Forecast mixed for 2012 individual home-insurance rates
This year has shaped up to be one of the most volatile storm years on record, and the insurance industry has taken notice.
From January to June 2011, catastrophic-storm losses totaled $17.8 billion—compared with a previous 10-year average of $6.4 billion—according to insurance company Munich Re. The data represent the latest in a 4-year trend toward more-frequent and more-powerful storms, according to risk-assessment company Risk Management Systems (RMS).

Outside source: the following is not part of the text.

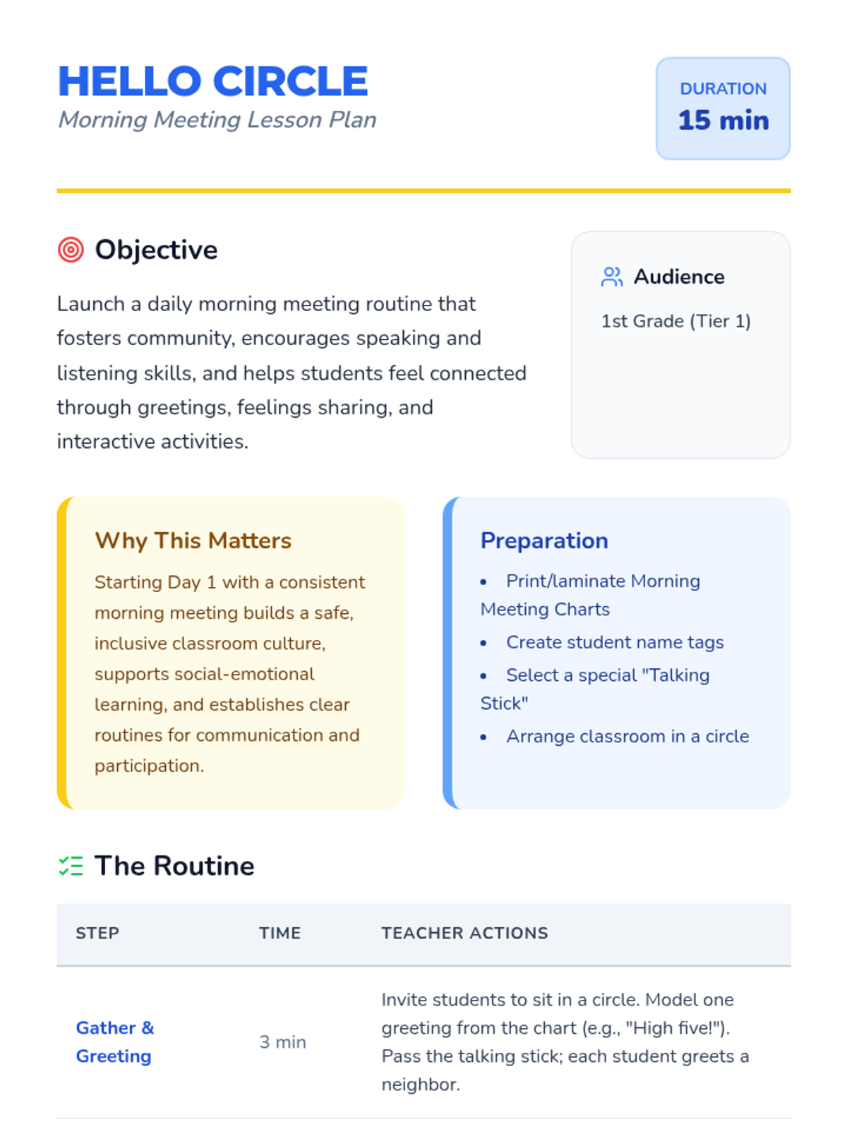 Kick off your 1st-grade class with a warm, engaging morning meeting that builds community, sets routines, and sparks enthusiasm. Students practice greetings, share feelings, and learn classroom expectations.

However, what hasn’t been determined is by how much the increased storm activity will affect the premiums of homeowner’s insurance in states that are prone to severe storms. Spokespeople from Allstate and Nationwide say it’s too soon to determine any effect. Matthew Neilson, who is a senior project manager at RMS, tells Consumers Digest that homeowners could be affected, but he doesn’t know by how much. Insurers “are taking a huge hit” and would want to share the pain among homeowners, Neilson says, but he and other experts with whom we spoke point out that market competition prevents insurers from raising rates too much and thus losing business.
Steve Weisbart, who is senior vice president and chief economist at Insurance Information Institute, points out that insurance rates are regulated by state governments, so insurance companies can’t raise overall insurance rates without approval from a state’s insurance department. However, insurers can raise individual rates for homeowners who are deemed a greater “risk.”